→ **Task data**
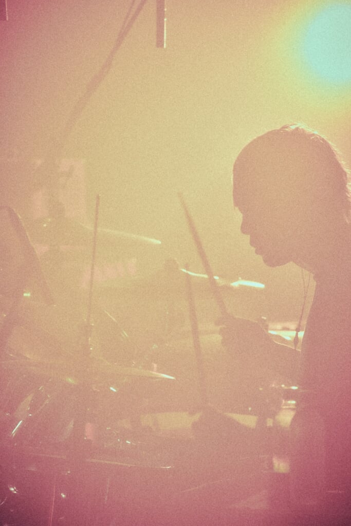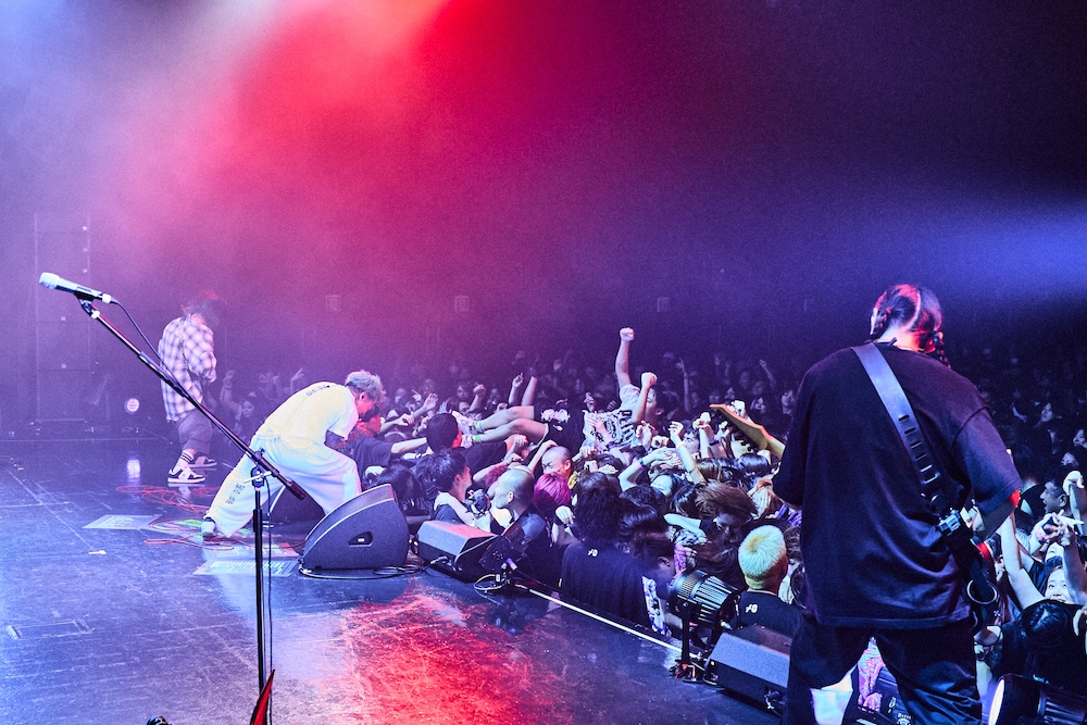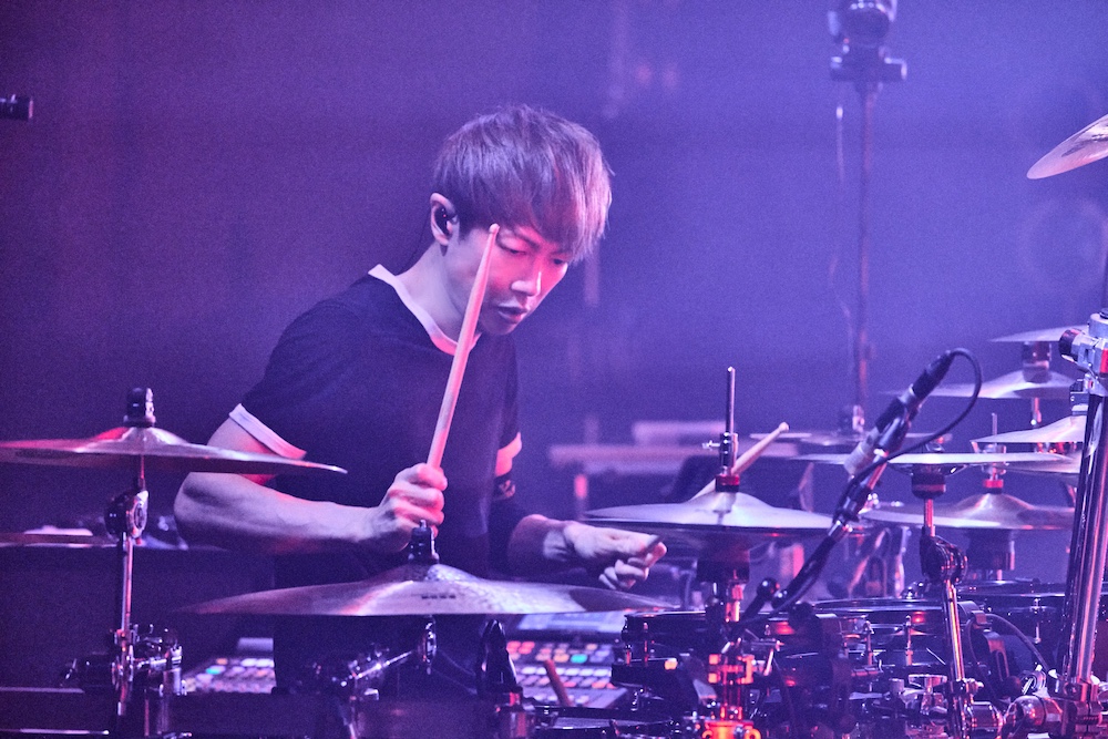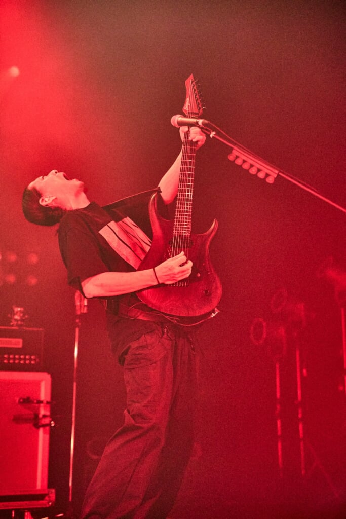 後半もその選曲イメージは変わらずで、激しい曲群のなかでも同日特にアグレッシブだった「nakano kill you」では、クラウドサーフも飛び出した。タイトルどおり中野のドラムが特にフィーチャーされ、炸裂するドラミングが圧巻だった。そしてラストは落ち着いた歌唱ナンバーで、アンサンブルのスペースを大きく使った「傍観」にてフィニッシュとなった。アウトロにてTKは絶叫し、中野は充実した表情を見せ、345はベースを感情的に鳴らしフロアに置きステージ袖へと去っていった。
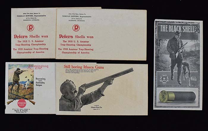 Description:Lot of (5) vintage gun/ammunition related advertising envelopes (VG/EX-EX/MT) Includes (1) Remingont with hunting scene illustrated, "The Black Shell United States Cartridge Co", Ithaca Gun Co. "Still boring Ithaca Guns", and (2) Peters Shells (one with some stray pencil marks, other split open along one side): VG/EX-EX/MT
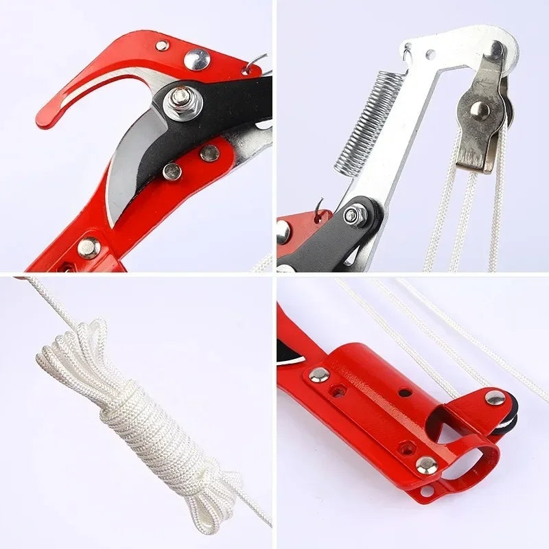 Já a tesoura by-pass, acionada por corda, é indicada para galhos de até 24 mm, oferecendo cortes limpos e precisos com mínimo esforço.
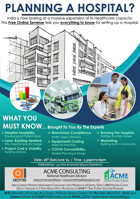 India is looking at a massive expansion of its Healthcare Infrastructure in the next few years, by adding New Hospitals and increasing the Services, Specialties and Beds in existing ones. This is a Seminar for all doctors, healthcare entrepreneurs and investors, brought to you by ACME Hospital Projects. India's largest Healthcare Advisory Group working in the field of Quality and Infrastructure Improvement. At this Seminar, We told everything that you need to know before taking the very important step of setting up your Hospital or expanding your Existing One, whether Green Field or Brown Field, Converting an Existing Building Structure.
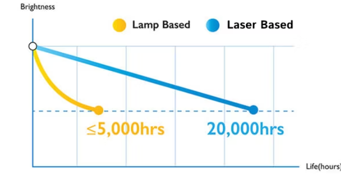 BenQ BlueCore lazer projektörler, 20.000 saatlik üstün görüntü kalitesi ve performans sunar. Lazer ışık kaynağı, zaman içindeki renk bozulmasına karşı direnir, bu durum BenQ lazer projektörlerini belirli bir çalışma süresinin ardından farklı parlaklık seviyeleri üreten bitişik projektörlerle ilgili endişe duymadan, çoklu karma yansıtmalar için ideal hale getirir.
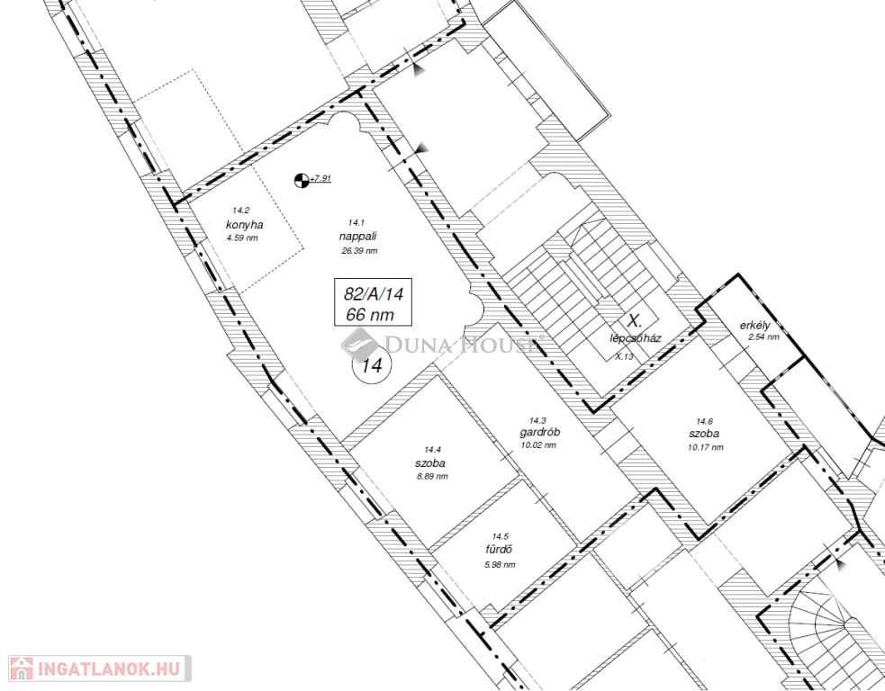B14 lakás : A második emeleti ingatlan 66 m2 alapterületű, amerikai konyhás nappali, két hálószoba, konyha-étkező, gardrób, erkély és fürdőszoba kapott helyet benne, a tágas világos lakás délnyugati tájolású, kilátással a sétáló utcára, az erkély a csendes belső udvarra tájolt.
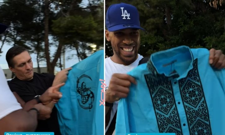 Чемпіон світу у надважкій вазі за версіями WBC, WBA та IBF Олександр Усик подарував своєму колишньому супернику Ентоні Джошуа красиву вишиванку лазурового кольору з чорною вишивкою. Так символічно український боксер підтримав британського колегу напередодні його поєдинку з блогером Джейком Полом.
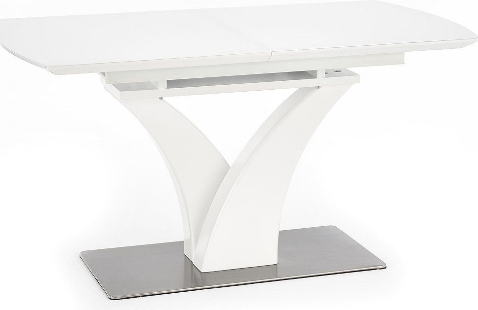 Et fint spisebord med moderne design. Bordet er produsert av lakkert MFP (premium treplate), bordplaten har en topplate i klart glass og understellett har en fot av rustfritt stål. Bordet er praktisk, siden du lett kan forlenge bordplaten opp til 180 cm, tilleggsplate er inkludert.
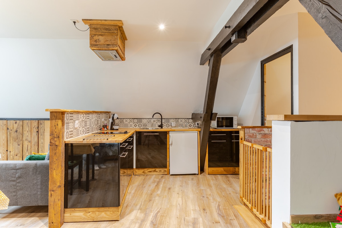 Un granero acogedor con una zona de hidromasaje privada para pasar un momento inolvidable en pareja. Podrá disfrutar de una gran bañera de hidromasaje para 2 personas y una magnífica sauna solo para usted. Una enorme cama de 200x200 está lista a su llegada. En el exterior, dispondrá de una pequeña terraza y una plaza de aparcamiento delante de la casa.
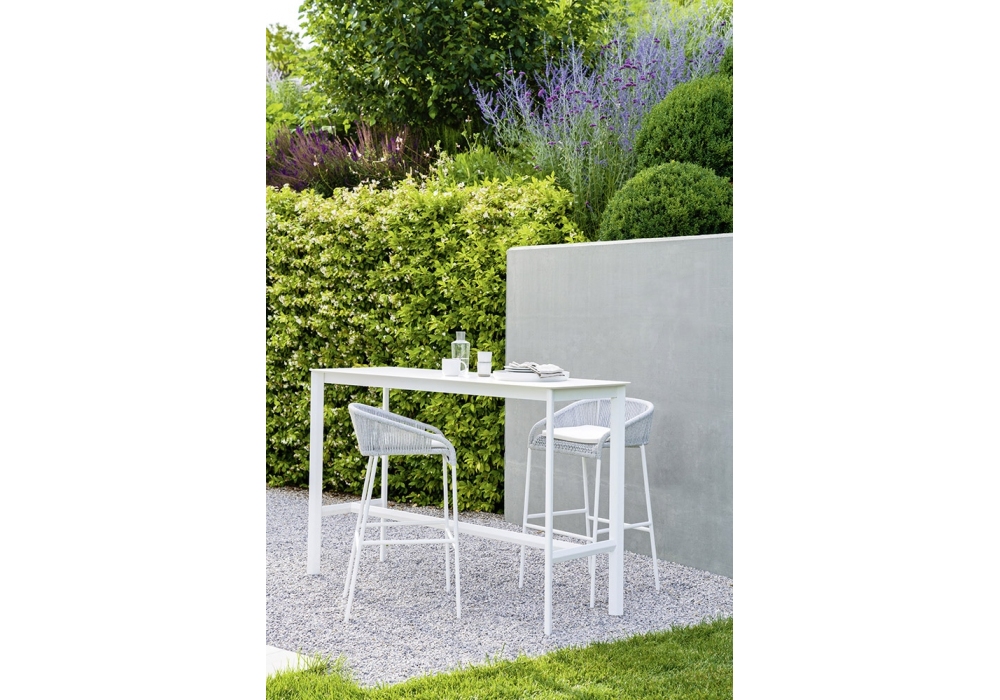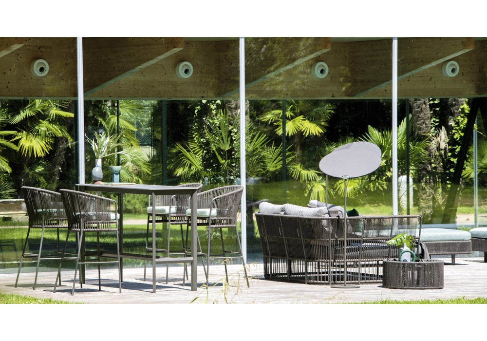 System conçu par Daniele Lo Scalzo Moscheri pour Varaschin est une table haute avec structure en aluminium thermolaqué et plateau en HPL ou en céramique. Disponible en différentes finitions.

→ **Activity**
With pictures left out, repeat exactly the lines from the line bearing "Un granero acogedor" through the final line of the records above.

→ **Answer section**
 Un granero acogedor con una zona de hidromasaje privada para pasar un momento inolvidable en pareja. Podrá disfrutar de una gran bañera de hidromasaje para 2 personas y una magnífica sauna solo para usted. Una enorme cama de 200x200 está lista a su llegada. En el exterior, dispondrá de una pequeña terraza y una plaza de aparcamiento delante de la casa.
 System conçu par Daniele Lo Scalzo Moscheri pour Varaschin est une table haute avec structure en aluminium thermolaqué et plateau en HPL ou en céramique. Disponible en différentes finitions.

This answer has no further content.